Frank Rosenthal (Casino)
Scorsese’s spiritual sequel to Goodfellas, 1995’s Casino, starred Robert De Niro as Sam “Ace” Rothstein, a Jewish bookkeeper and handicapper brought in by the Mob to run the Tangiers casino in Vegas. Rothstein was based on Frank “Lefty” Rosenthal, who ran several casinos for the Chicago mob, married (and lost much of his money) to a troubled woman, and survived a car bombing attempt. After the film’s release, Rosenthal moved to Florida, and though he could no longer gamble at (or even enter) casinos, he soon found a way to continue his life’s work: running a sports betting website, and consulting for various offshore sports books. Rosenthal died in 2008 of natural causes; he was 79 years old.

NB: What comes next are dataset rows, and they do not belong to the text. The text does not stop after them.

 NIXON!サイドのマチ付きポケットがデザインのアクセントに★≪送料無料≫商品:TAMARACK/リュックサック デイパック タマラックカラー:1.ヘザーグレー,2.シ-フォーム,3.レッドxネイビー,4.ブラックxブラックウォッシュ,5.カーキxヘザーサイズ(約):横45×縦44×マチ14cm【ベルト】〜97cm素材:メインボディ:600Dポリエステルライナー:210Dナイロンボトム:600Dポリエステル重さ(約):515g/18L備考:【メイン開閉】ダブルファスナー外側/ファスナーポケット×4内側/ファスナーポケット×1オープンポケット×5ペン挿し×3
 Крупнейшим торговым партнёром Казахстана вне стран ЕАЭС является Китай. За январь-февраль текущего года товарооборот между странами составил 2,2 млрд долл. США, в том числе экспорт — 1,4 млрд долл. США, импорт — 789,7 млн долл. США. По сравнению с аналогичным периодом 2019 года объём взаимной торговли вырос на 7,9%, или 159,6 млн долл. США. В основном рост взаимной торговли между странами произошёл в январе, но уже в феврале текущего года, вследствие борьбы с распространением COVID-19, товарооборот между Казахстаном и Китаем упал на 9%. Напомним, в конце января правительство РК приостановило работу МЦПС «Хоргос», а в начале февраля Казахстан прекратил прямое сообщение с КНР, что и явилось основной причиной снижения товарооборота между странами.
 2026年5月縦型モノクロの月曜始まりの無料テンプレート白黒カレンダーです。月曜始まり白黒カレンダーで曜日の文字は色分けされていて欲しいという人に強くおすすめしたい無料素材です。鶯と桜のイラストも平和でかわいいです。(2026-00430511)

Erin Brockovich (Erin Brockovich)
Julia Roberts won an Academy Award for her portrayal of the California legal assistant who helped the residents of Hinkley, California take on Pacific Gas & Electric for unsafe levels of hexavalent chromium in local groundwater, leading to a $333 million settlement. Her subsequent anti-pollution work was only bolstered by the high profile of the hit film, and she went on to investigate cases of pollution in Missouri, Texas, and Louisiana. She’s also hosted two television shows, written a bestselling book, and continues to work as a consultant for several law firms.

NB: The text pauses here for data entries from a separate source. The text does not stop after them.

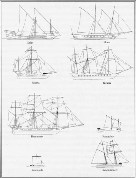 De olika båttyperna som fanns 1700-talet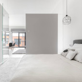 Nowoczesna i jasna sypialnia z wygodnym łóżkiem z drewnianą ramą, szafa z lustrzanymi drzwiami i stylową sztuką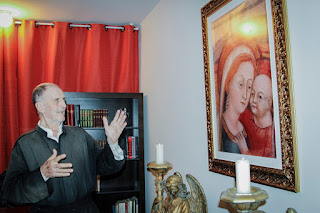 Na circunstância, os membros falaram sobre alguns do inúmeros livros presentes na sala (frutos também das doações de tantas almas generosas que se propõem a ajudar essa obra de Deus), e inclusive a respeito das motivações que nos levaram à aquisição da mesma, como, por exemplo, nossos Grupos de Estudos e o projeto de Incentivo à Leitura Devota. Fora ainda apresentado ao jesuíta o brasão da SSVM e seus ricos significados, explicitados pelo sr. Paulo Vinícius.
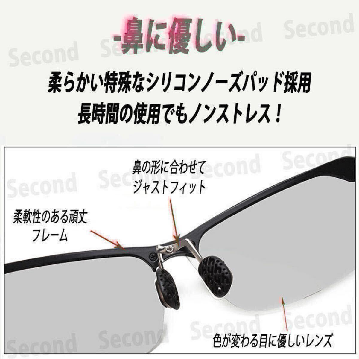 |                                     【商品内容】 カラー: ブラック 黒 レンズ: グレー 重量 : 約25g 仕様 : 偏光 調光 UVカット 紫外線カット 【商品詳細】 ・ 偏光レンズ 特殊な構造により、眩しい光や余分な光だけをカットして視界をクリアにします。 目にストレスやダメージを与える光もカット! ・ 調光レンズ 紫外線を浴びる事でレンズの色が濃く変化します。 ドライブ キャンプ 釣り ロードバイク ランニング 車 バイクなど、アウトドアに最適なレンズ! ・ ジャストフィット ヒンジが130°まで広がるため圧迫感なくノンストレスに装着可能です。 軽量素材のため、1日中掛けていても苦になりません。 ・ ライフスタイル 屋外・屋内とレンズの色が自動で切り替わり大活躍するアイテムです! おしゃれなデザインのため、普段使いにも最適です!  |             ||

Will Jimeno (World Trade Center)
The story of Port Authority Police Officers John McLoughlin and Will Jimeno, the last two men rescued from the rubble of the World Trade Center after the attack of September 11, was the basis for Oliver Stone’s 2006 film, with Nicolas Cage playing McLoughlin and Michael Peña as Jimeno. But that wasn’t the end of Jimeno’s good fortune; in 2008, he appeared as a contestant on Deal or No Deal, taking home $271,000.

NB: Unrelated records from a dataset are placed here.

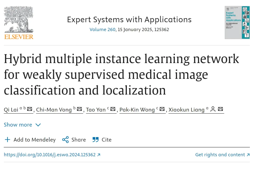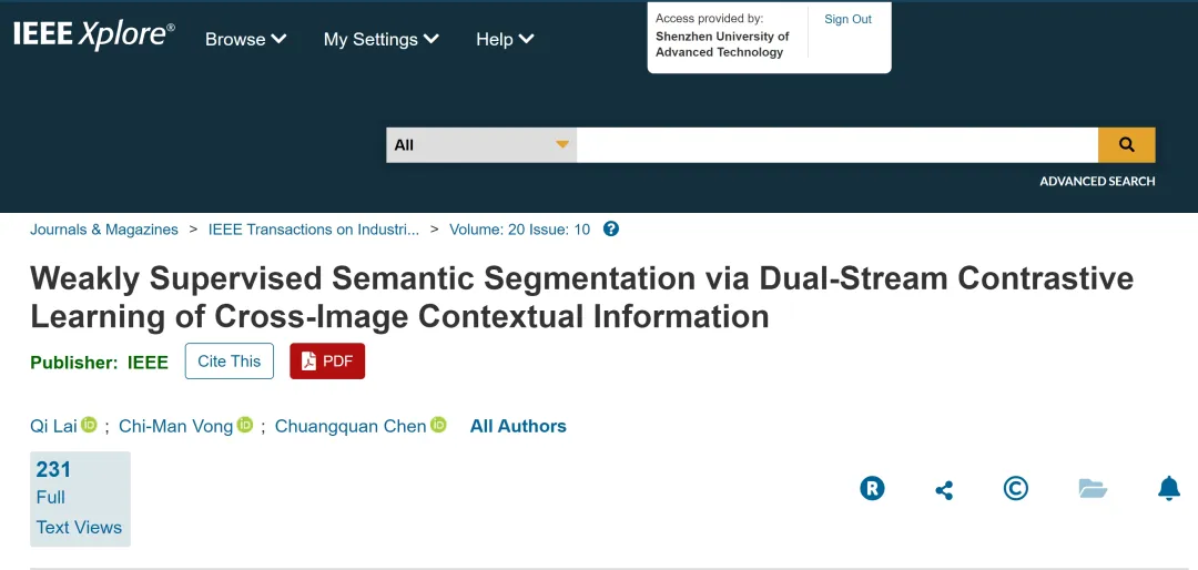 相关成果在期刊IEEE Transactions on Industrial Informatics上以“Weakly-supervised Semantic Segmentation via Dual-stream Contrastive Learning of Cross-image Contextual Information”为题,在期刊Expert Systems With Applications上以“Hybrid Multiple Instance Learning Network for Weakly Supervised Medical Image Classification and Localization”为题分别进行了发表。
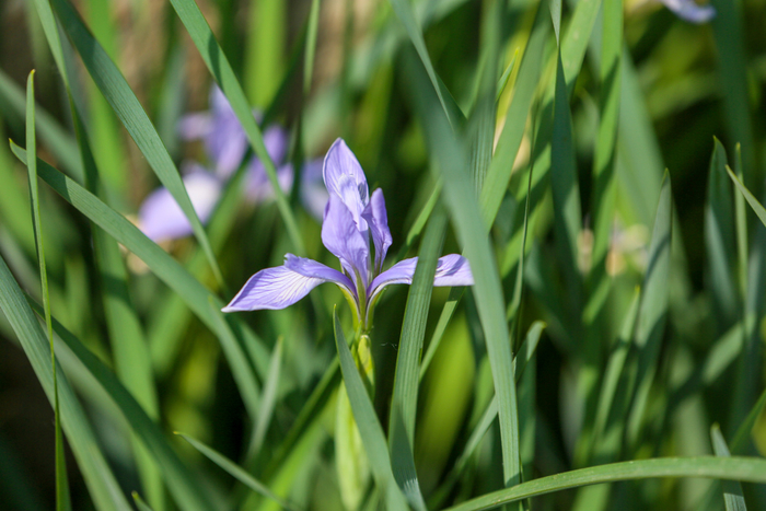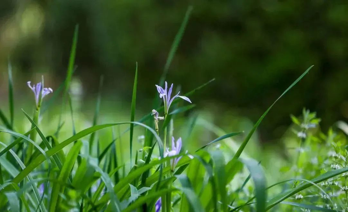 马蔺又叫兰花草,是鸢尾科鸢尾属的多年生密丛草本,花常开放在叶丛中,花瓣狭长,淡蓝色的花瓣上常有较深色的条纹。叶色青绿,花淡雅美丽。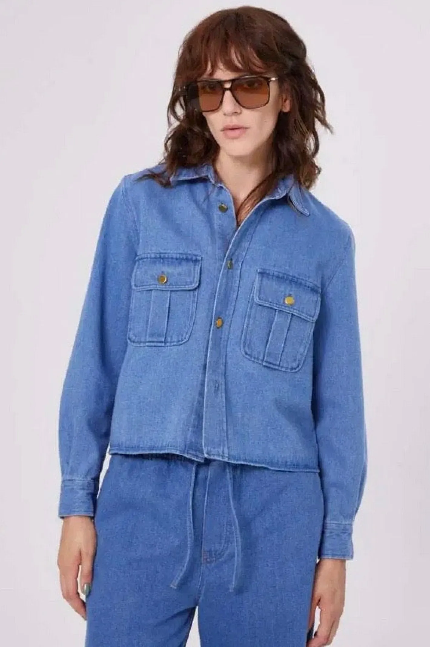 Damenjacke Denim in BlauJeansoptikGerader SchnittUmlegekragenSchließt mit KnöpfenAufgesetzte BrusttaschenCroppedHoher …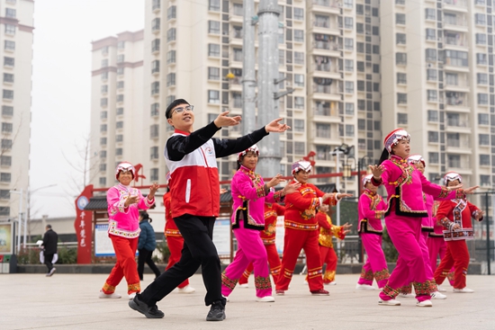 12月5日,志愿者在贵州省铜仁市万山区丹都街道旺家社区文化广场教群众跳广场舞。当日是国际志愿者日,各地开展志愿服务活动,奉献爱心,弘扬志愿精神。彭俊/摄(新华社发)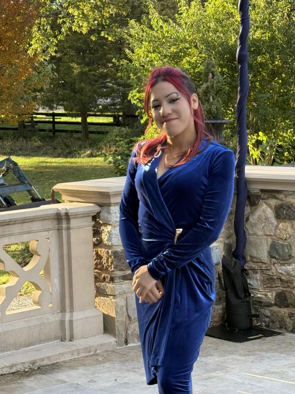 Beautiful velvet dress! I bought the Teal color. Received so many compliments!! Hugs your curves in all the right places!!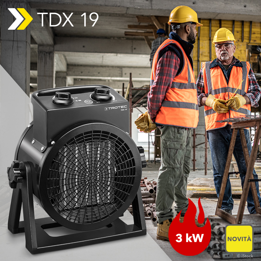 Cosa desiderano in autunno i professionisti per i lavori in cantiere, di montaggio, nell’officina per auto o nel capannone industriale? Non che le giornate di lavoro si accorcino e nemmeno che si allunghino, ma che non diventino più fredde! Proprio per questo ad ottobre Trotec lancia sul mercato il nuovo termoventilatore in ceramica TDX 19, giusto in tempo! Pensato per tutti i professionisti che non vogliono più patire il freddo durante il turno mattutino, pomeridiano o notturno. E presto sarà proprio così grazie a questo super riscaldatore elettrico dal prezzo conveniente!

Julie Powell (Julie & Julia)
Nora Ephron’s 2008 comedy Julie & Julia intermingled Julia Child’s autobiography My Life in France with Julie Powell’s memoir, based on her Julie/Julia Project blog, in which she attempts to cook all the recipes in Child’s Mastering the Art of French Cooking in a year. One of the film’s major characters is Powell’s husband Eric (played by Chris Messina), whose skepticism ultimately gives way to patience, understanding, and a happy ending. So it was a bit of a shocker to read Powell’s follow-up book Cleaving, and discover that in the ensuing years, both she and Eric had long-term affairs that nearly destroyed the marriage (with hers described, in explicit detail, in the book). But they’re still together, and at last check-in, Powell is working as a butcher and writing a novel.